**EXERCISE DATA**
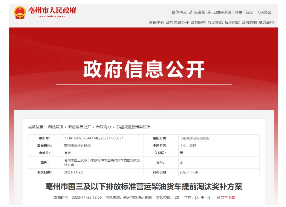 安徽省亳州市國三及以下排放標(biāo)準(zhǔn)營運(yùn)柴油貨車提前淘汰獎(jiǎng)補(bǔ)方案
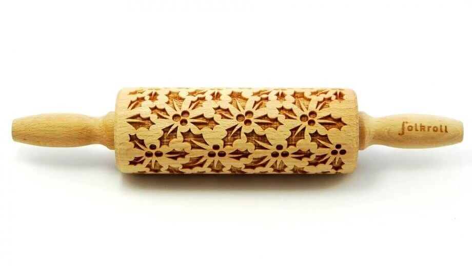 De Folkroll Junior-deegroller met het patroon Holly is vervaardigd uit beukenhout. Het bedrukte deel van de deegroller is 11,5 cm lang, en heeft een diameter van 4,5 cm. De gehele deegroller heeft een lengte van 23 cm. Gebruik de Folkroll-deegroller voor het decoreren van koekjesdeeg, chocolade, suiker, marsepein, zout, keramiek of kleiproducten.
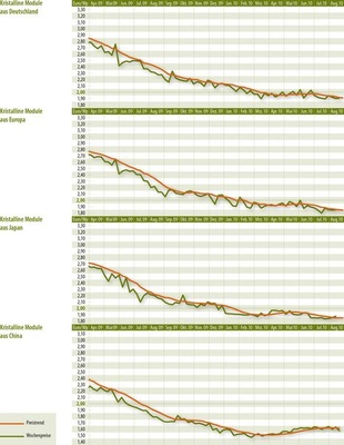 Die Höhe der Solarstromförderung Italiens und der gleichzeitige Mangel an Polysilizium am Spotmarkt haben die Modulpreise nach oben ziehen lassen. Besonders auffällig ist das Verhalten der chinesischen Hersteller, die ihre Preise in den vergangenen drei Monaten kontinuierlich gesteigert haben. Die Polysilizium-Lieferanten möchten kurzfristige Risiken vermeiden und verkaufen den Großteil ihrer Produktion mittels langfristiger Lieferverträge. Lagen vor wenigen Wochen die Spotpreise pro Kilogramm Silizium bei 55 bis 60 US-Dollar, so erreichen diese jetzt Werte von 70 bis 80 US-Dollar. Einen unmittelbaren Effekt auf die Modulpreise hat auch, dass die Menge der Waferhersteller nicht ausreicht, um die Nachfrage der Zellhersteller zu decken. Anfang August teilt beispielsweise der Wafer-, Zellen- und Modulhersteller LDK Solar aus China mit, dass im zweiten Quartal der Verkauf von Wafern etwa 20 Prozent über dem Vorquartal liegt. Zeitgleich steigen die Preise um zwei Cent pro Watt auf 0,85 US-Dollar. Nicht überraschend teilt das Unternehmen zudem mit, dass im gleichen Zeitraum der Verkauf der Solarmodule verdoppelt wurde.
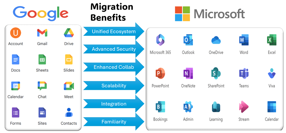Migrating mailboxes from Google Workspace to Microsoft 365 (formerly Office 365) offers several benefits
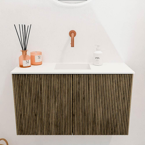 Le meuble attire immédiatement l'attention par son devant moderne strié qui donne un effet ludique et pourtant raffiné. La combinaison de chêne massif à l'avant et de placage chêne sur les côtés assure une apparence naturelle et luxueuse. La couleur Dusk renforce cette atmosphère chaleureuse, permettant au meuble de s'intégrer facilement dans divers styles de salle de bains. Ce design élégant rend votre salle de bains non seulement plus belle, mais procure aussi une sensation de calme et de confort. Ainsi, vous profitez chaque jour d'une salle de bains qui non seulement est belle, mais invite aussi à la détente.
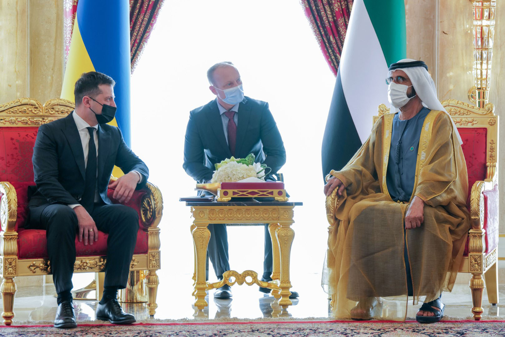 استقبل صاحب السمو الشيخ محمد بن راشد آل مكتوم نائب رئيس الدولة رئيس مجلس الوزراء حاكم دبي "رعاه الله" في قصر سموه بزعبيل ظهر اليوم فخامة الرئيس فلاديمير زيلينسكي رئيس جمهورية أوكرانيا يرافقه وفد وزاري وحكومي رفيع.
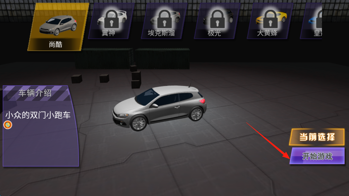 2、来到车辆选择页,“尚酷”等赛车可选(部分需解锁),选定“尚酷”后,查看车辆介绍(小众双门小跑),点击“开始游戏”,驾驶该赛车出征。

**WHAT IS NEEDED**
All lines from the line with "Migrating mailboxes from" through the final line of the listing are to be printed exactly, both ends included; the pictures are not.

**SOLUTION FOR THIS PROBLEM**
Migrating mailboxes from Google Workspace to Microsoft 365 (formerly Office 365) offers several benefits
 Le meuble attire immédiatement l'attention par son devant moderne strié qui donne un effet ludique et pourtant raffiné. La combinaison de chêne massif à l'avant et de placage chêne sur les côtés assure une apparence naturelle et luxueuse. La couleur Dusk renforce cette atmosphère chaleureuse, permettant au meuble de s'intégrer facilement dans divers styles de salle de bains. Ce design élégant rend votre salle de bains non seulement plus belle, mais procure aussi une sensation de calme et de confort. Ainsi, vous profitez chaque jour d'une salle de bains qui non seulement est belle, mais invite aussi à la détente.
 استقبل صاحب السمو الشيخ محمد بن راشد آل مكتوم نائب رئيس الدولة رئيس مجلس الوزراء حاكم دبي "رعاه الله" في قصر سموه بزعبيل ظهر اليوم فخامة الرئيس فلاديمير زيلينسكي رئيس جمهورية أوكرانيا يرافقه وفد وزاري وحكومي رفيع.
 2、来到车辆选择页,“尚酷”等赛车可选(部分需解锁),选定“尚酷”后,查看车辆介绍(小众双门小跑),点击“开始游戏”,驾驶该赛车出征。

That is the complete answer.